Second, the training process
python chsmm.py \
-data data/labee2e/ \
-emb_size 300 \
-hid_size 300 \
-layers 1 \
-K 55 \
-L 4 \
-log_interval 200 \
-thresh 9 \
-emb_drop \
-bsz 15 \
-max_seqlen 55 \
-lr 0.5 \
-sep_attn \
-max_pool \
-unif_lenps \
-one_rnn \
-Kmul 5 \
-mlpinp \
-onmt_decay \
-cuda \
-seed 1818 \
-save models/chsmm-e2e-300-55-5.pt
The main process is as follows:
- The sample upset
make_combo_targs
: The words and copy information into a single Tensor inmake_masks
: Because generation may be new words in the text, in the follow-up will be disposed of, is the mask. And there are two operations, one is directly to remove the word, there is an averageget_uniq_fields
: Each batch of Fields are filled to the maximum length
Third, the template extraction
This is primarily generated template, or in the above example, the template with the following slot is generated.
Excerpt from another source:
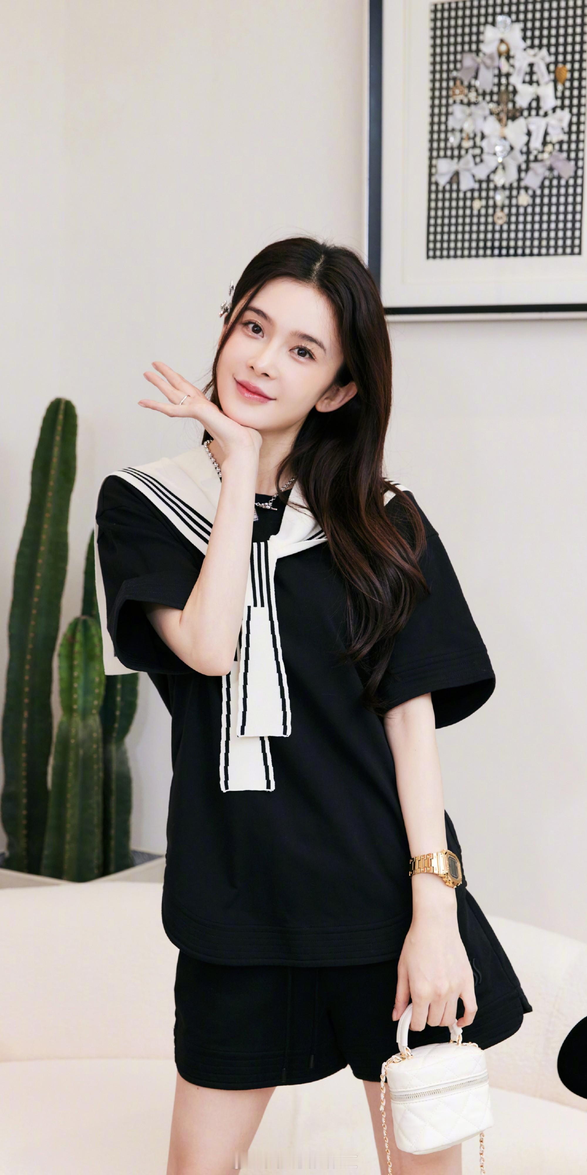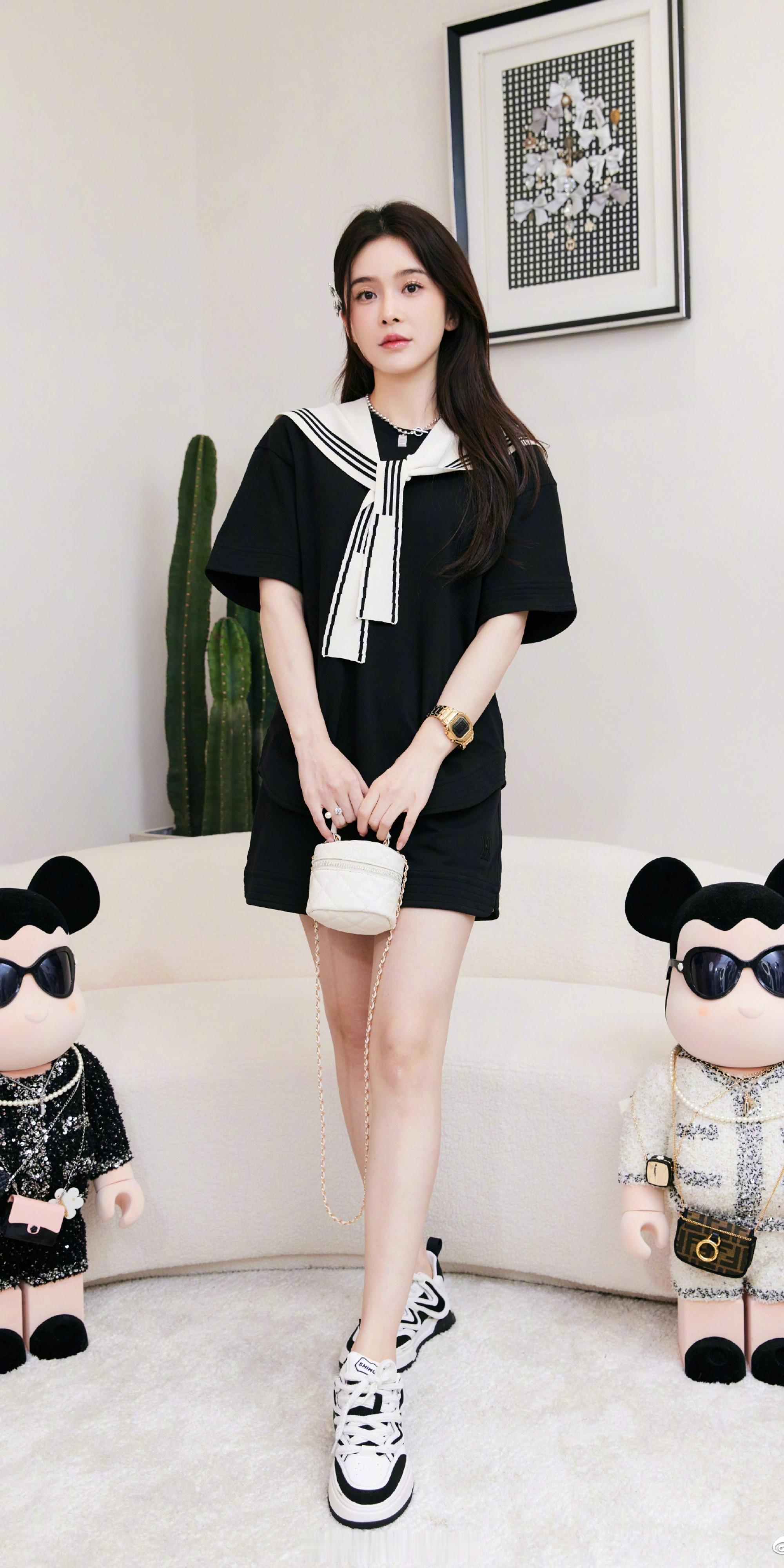但凡张天爱身上有一点赘肉都穿不了这个衣服

After saving the template drawn under segs / path. Template generation method is as follows:
Using non-autoregressive methods:
python chsmm.py -data data/sub_path/ -emb_size 300 -hid_size 300 -layers 1 -K 55 -L 4 -log_interval 200 -thresh 9 -emb_drop -bsz 16 -max_seqlen 55 -lr 0.5 -sep_attn -max_pool -unif_lenps -one_rnn -Kmul 5 -mlpinp -onmt_decay -cuda -load models/e2e-55-5.pt -label_train | tee segs/seg-e2e-300-55-5.txt
Fourth, the text generation
Once you have models and templates, you can generate text friends. (Actually a template selection process and fill the slot.)
autoregressive model generation:
python chsmm.py -data data/sub_path/ -emb_size 300 -hid_size 300 -layers 1 -dropout 0.3 -K 60 -L 4 -log_interval 100 -thresh 9 -lr 0.5 -sep_attn -unif_lenps -emb_drop -mlpinp -onmt_decay -one_rnn -max_pool -gen_from_fi data/labee2e/src_uniq_valid.txt -load models/e2e-60-1-far.pt -tagged_fi segs/seg-e2e-60-1-far.txt -beamsz 5 -ntemplates 100 -gen_wts '1,1' -cuda -min_gen_tokes 0 > gens/gen-e2e-60-1-far.txt
- gen_from_fi
with the back of the file is structured data
- tagged_fi
followed by the decimation of our good template
- load
we trained the model
- gens/
to retain the text of the next generation path.
Note format generated results: <text> ||| <template fragments> really need to keep using only text.